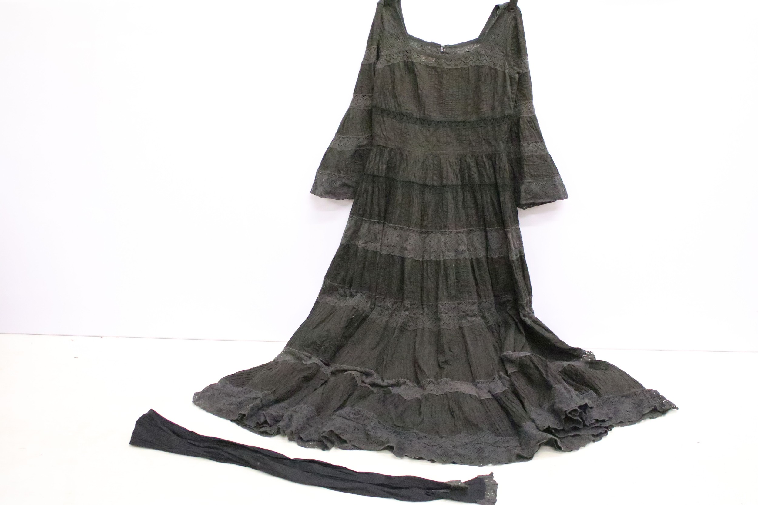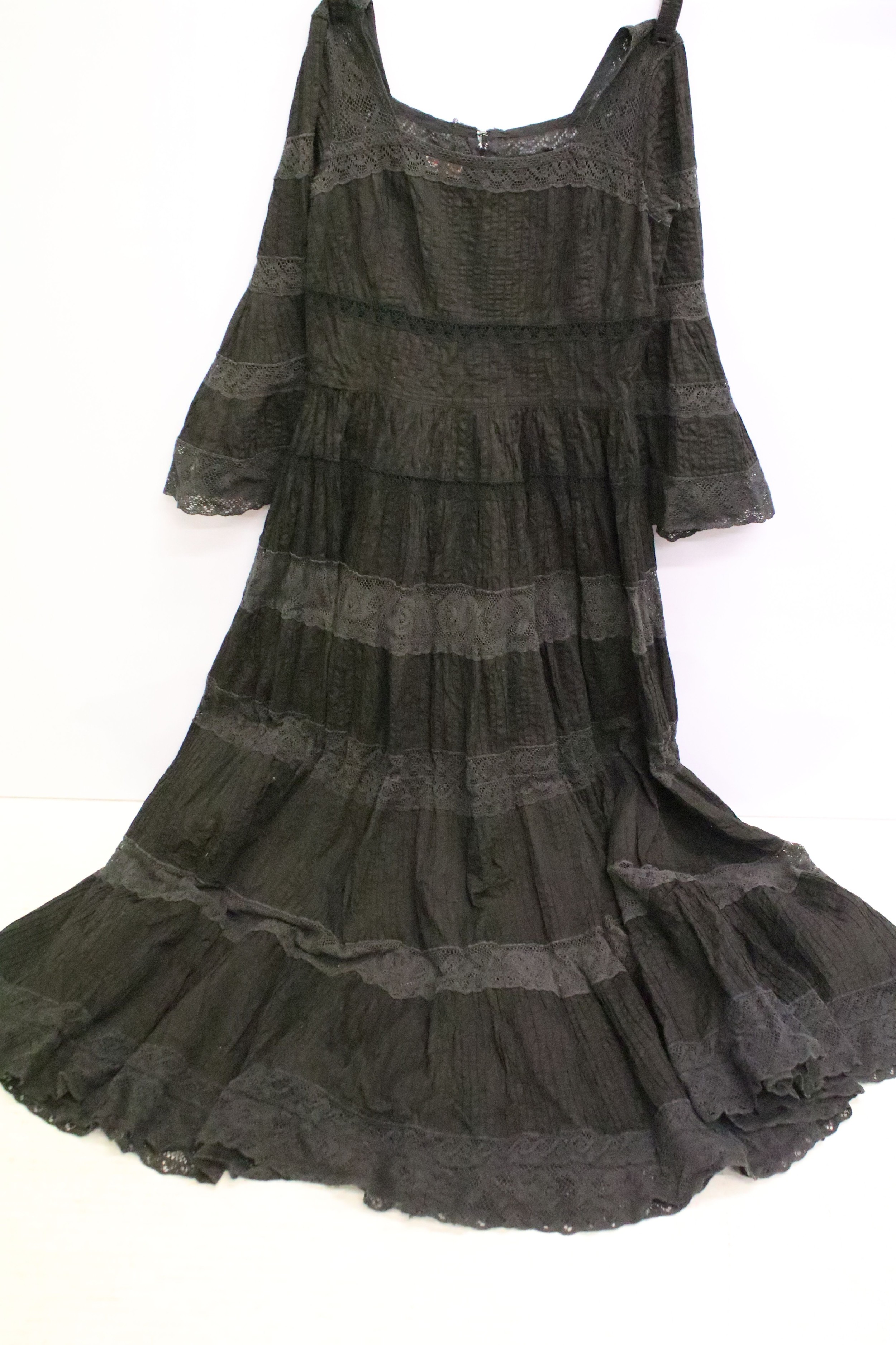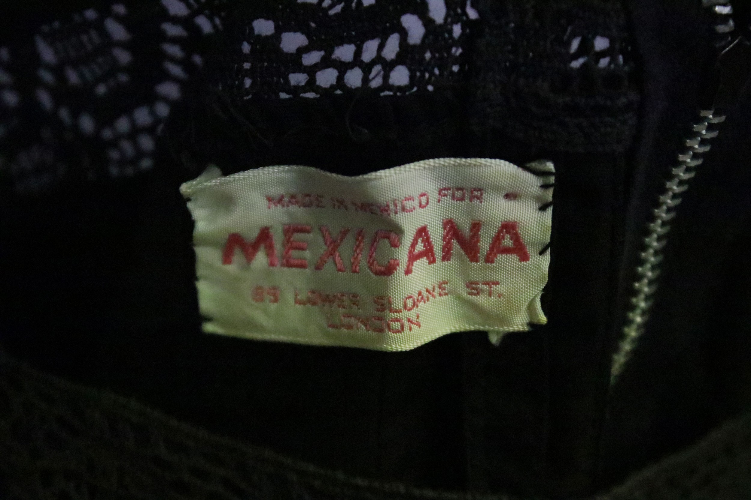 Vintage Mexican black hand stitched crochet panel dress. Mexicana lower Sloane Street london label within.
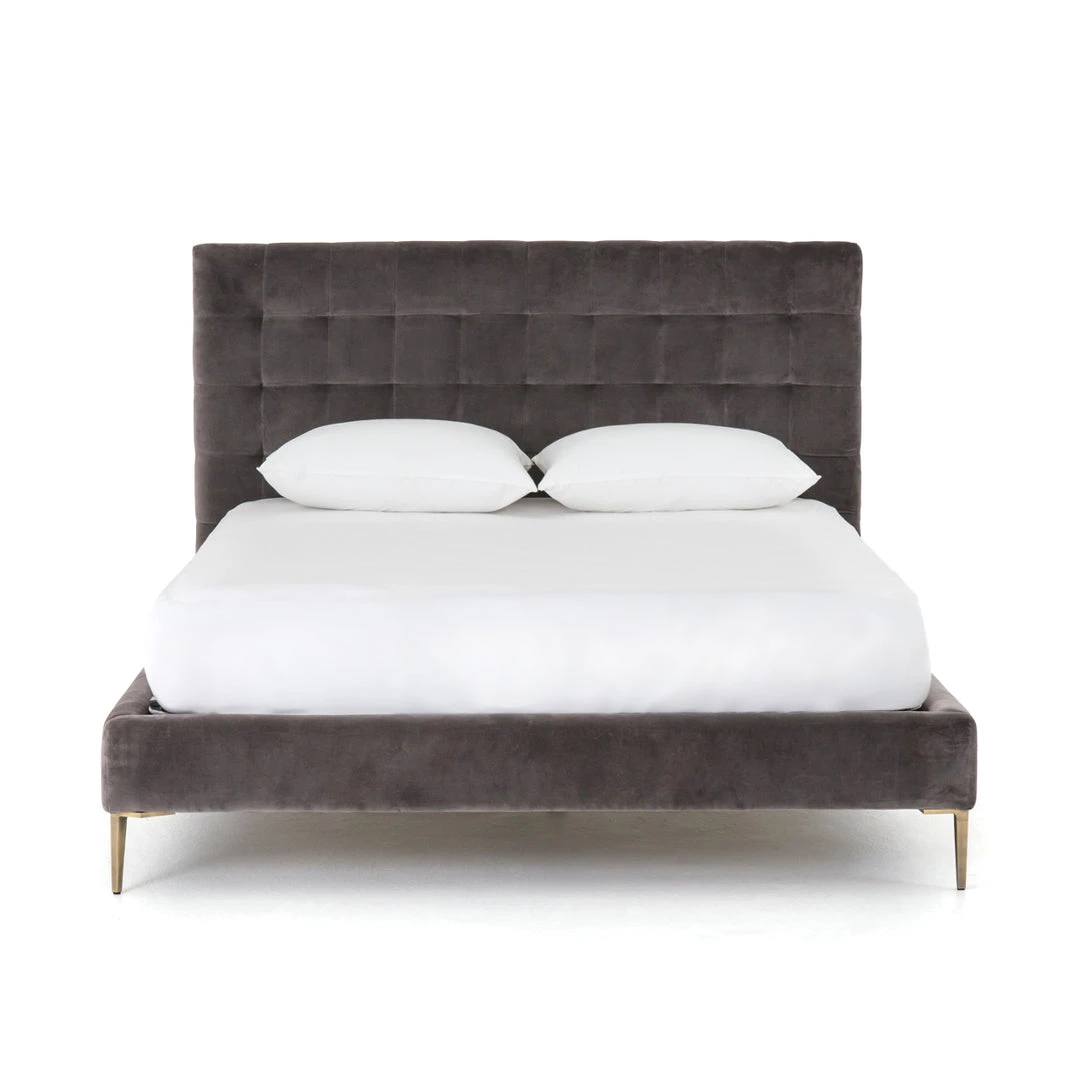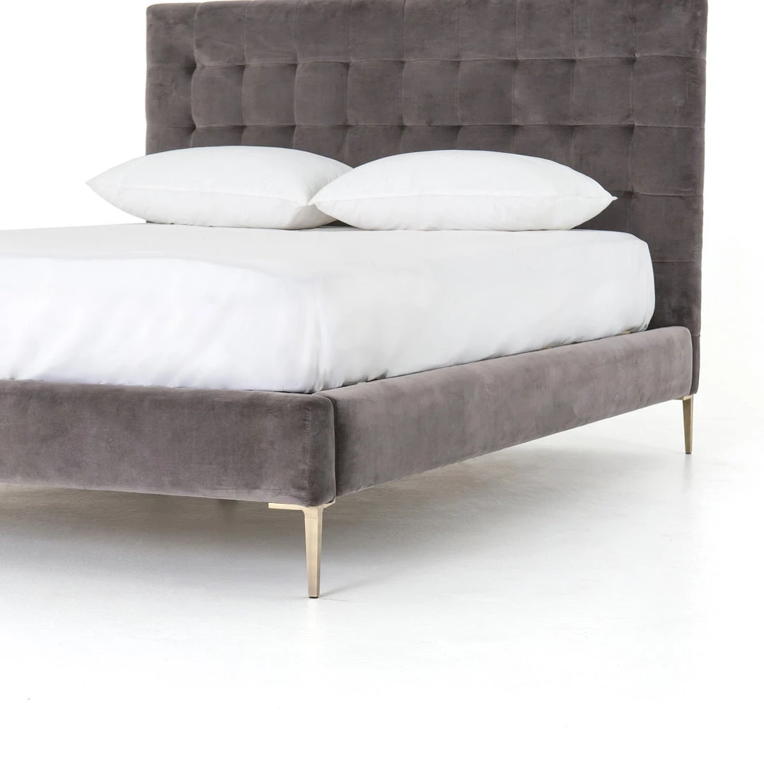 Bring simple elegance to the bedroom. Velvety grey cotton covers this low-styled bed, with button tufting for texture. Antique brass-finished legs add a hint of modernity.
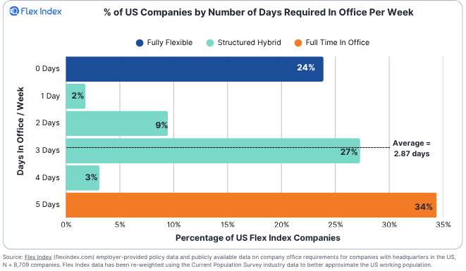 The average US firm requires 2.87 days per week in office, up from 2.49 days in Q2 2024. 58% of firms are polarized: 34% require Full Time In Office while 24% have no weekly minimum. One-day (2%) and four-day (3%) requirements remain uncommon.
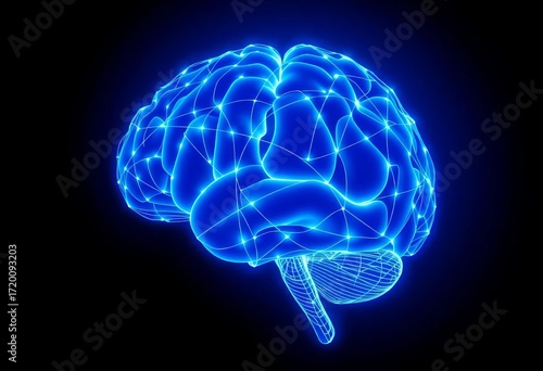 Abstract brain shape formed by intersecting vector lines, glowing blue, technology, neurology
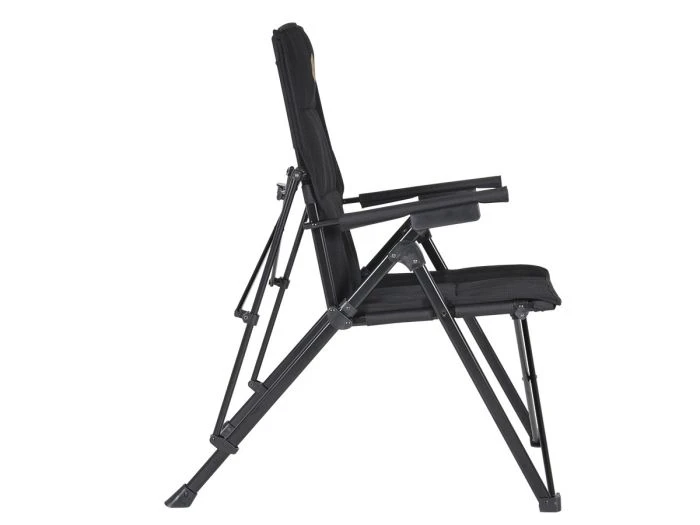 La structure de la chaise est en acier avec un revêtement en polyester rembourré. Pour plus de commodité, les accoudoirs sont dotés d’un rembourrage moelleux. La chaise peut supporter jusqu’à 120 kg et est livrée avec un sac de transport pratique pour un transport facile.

• • •

Work instructions
Leave out the pictures and restate, word for word, the lines from the top of the data through the line containing "Bring simple elegance", both included.

Solution
 Vintage Mexican black hand stitched crochet panel dress. Mexicana lower Sloane Street london label within.
 Bring simple elegance to the bedroom. Velvety grey cotton covers this low-styled bed, with button tufting for texture. Antique brass-finished legs add a hint of modernity.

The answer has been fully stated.